Das Ziel des Projektes ist es zum einen, Schlüsselfaktoren für Innovationen im Bereich sozialer Dienstleistungen zu identifizieren und zum anderen herauszufinden, welche Innovationen für die Weiterentwicklung sozialer Dienstleistungen entscheidend sein werden. Die Bestimmung von Innovationen in der wissenschaftlichen Forschung wie auch auf praktischer Ebene ist die zentrale Funktion der „Sozialen Plattform für innovative soziale Dienstleistungen“.

Auf der Plattform sollen die Hauptvertreter aus Forschung, Praxis und Politik im Bereich der Planung und Durchführung sozialer Dienstleistungen zusammengebracht werden.
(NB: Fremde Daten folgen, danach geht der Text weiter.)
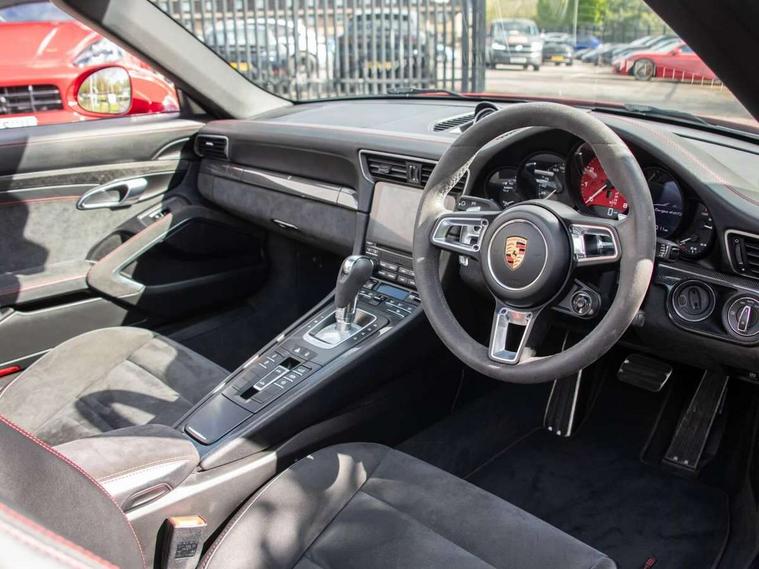 Black rev counter, Instrument cluster with high-resolution 4.6-inch TFT colour display, Mobile telephone preparation, On board computer, PCM voice control, Porsche communication management including navigation, Sports button, Telephone module for PCM, Porsche Active Suspension Management (PASM), Porsche stability management (PSM), Porsche TORQUE Vectoring (PTV) with mechanical rear differential lock, Connect Plus with Apple CarPlay, wireless internet access, Carfinder, Remote Vehicle Status and Remote Services, DAB Digital radio, USB interface in rear, 2 speed front wipers + intermittent wipe, Air blades with active cooling air flaps, Aspherical driver's exterior mirror, Automatic headlamp levelling, Automatic headlights, Automatically extending rear boot spoiler, Body colour bumpers, Body colour door mirrors, Dynamic cornering light with headlamp levelling and speed sensitive driving light control, Electric hood operation with auto side windows, Electric windows + one touch open/close + door seal protection function, Electrically adjustable and heated door mirrors, Electrically powered wind deflector, Front lip spoiler, Green tinted heat insulating glass, Headlight range control, Headlight washers, Heated rear window, Heated windscreen washers, LED daytime running lights, LED tail lights, Sports exhaust system, Tinted LED tail lights, Trim strips in high gloss finish, Welcome home function, Windscreen with grey top tint, 12V socket in front passenger footwell, 2 in-dash cupholders above glove compartment, Air quality sensor, Air recirculation system, Alcantara centre console main storage compartment, Alcantara door handle, Alcantara door panel armrest, Alcantara seat centre panels, Alcantara steering wheel rim, Centre console storage, Clothes hooks on front seat backrests, Continuously variable dimming interior light, Dual zone automatic climate control, Footwell illumination, Glovebox illumination, Ignition Lock illumination, Illuminated vanity mirrors, Illumination of luggage compartment, Interior orientation lighting, Isofix child seat preparation, Leather handbrake grip, Leather interior door handles, LED reading lights, Manual height/reach adjust steering wheel, Pollen/active carbon filters, Split folding rear seats, Sport design steering wheel, Steering wheel gearshift paddles, Storage compartments in doors, Sport chrono package - 911 [991] PDK, 3 point inertia reel seatbelts, ABS, ASR + ABD, Driver/Front Passenger airbags, Electronic parking brake, Front head airbags, Front passenger airbag deactivation, Front seat thorax airbags, Front seatbelt pretensioners with force limiters, Height adjustable front seatbelts, POSIP, PTM (Porsche Traction Management), Red brake calipers, Roll over protection, Tyre pressure monitoring system, Alarm system with interior radar surveillance, Anti-theft wheel bolts, Porsche vehicle tracking system (VTS), Remote control central locking, Transponder engine immobiliser, Brushed aluminium dash trim and centre console inserts, Sealing compound and compressor kit,

Ihr Anliegen ist es, jeweilige aktuelle Trends in Wissenschaft, Praxis und Politik zu bemessen, Wissenslücken zu identifizieren und Forschungsfragen anzuregen, die diese adressieren. Eine wichtige Funktion des InnoServ-Projektes ist die Nutzung von innovativen und niederschwelligen Kommunikationsmitteln, wie zum Beispiel Filme, Podcasts oder visualisierte Soziologie. Diese sollen die Kommunikationshürden zwischen den einzelnen Forschungsdisziplinen und der praktischen Anwendung überwinden sowie eine breite Zielgruppe von Wissenschaftlern, Praktikern, politischen Entscheidungsträgern, Verbänden und Dienstleistungsnutzern ansprechen.

Vorgehensweise

Es werden die aktuellen Trends und Richtungen in der Erforschung sozialer Dienstleistungen in den Bereichen Gesundheit, Bildung und sogenannter Sorgetätigkeiten sowie die Analyse der politischen Richtlinien sozialer Dienstleistungen in Europa untersucht. Dies soll dazu beitragen, jene innovativen sozialen Dienstleistungen zu identifizieren, die Sektor übergreifend entwickelt werden.

Innovative Praxisbeispiele werden durch Fallstudien kommuniziert, die das theoretische Verständnis des gegenwärtigen Forschungsstands mit den praktischen Aspekten bereits umgesetzter innovativer Dienstleistungsideen verknüpfen. Die Fallstudien sollen dafür genutzt werden, Diskussionen zwischen den Stakeholdern über innovative soziale Dienstleistungen in den verschiedenen Kontexten in Europa anzustoßen. Jeder Fall soll mindestens einen Aspekt oder ein Prinzip der innovativen Dienstleistung darstellen oder eine Kombination mehrerer Aspekte aufzeigen. Die Verbreitung der Fallstudien soll schließlich durch die Nutzung neuer Informationstechnologien erfolgen.

Unter Anwendung methodologischer Instrumente zur Unterstützung und Leitung der Diskussionen werden in der Reflexion mit verschiedenen Stakeholdergruppen die Kernproblemfelder, Lücken und Bedarfe ermittelt und Hinweise für zukünftige Forschung gegeben. Eine große Bandbreite unterschiedlicher Stakeholder (Fachpersonal, Verbraucher, politische Entscheidungsträger) auf unterschiedlichen Ebenen (lokal, regional, national, europäisch) diskutiert die Innovationsbeispiele der Fallstudien. Diese verschiedenen Perspektiven anhand methodologischer Grundlagen auszuwerten, ist einer der heuristischen Ansätze der Plattform.

Beteiligung

Bei dem Projekt sind verschiedene europäische Universitäten und NPOs beteiligt.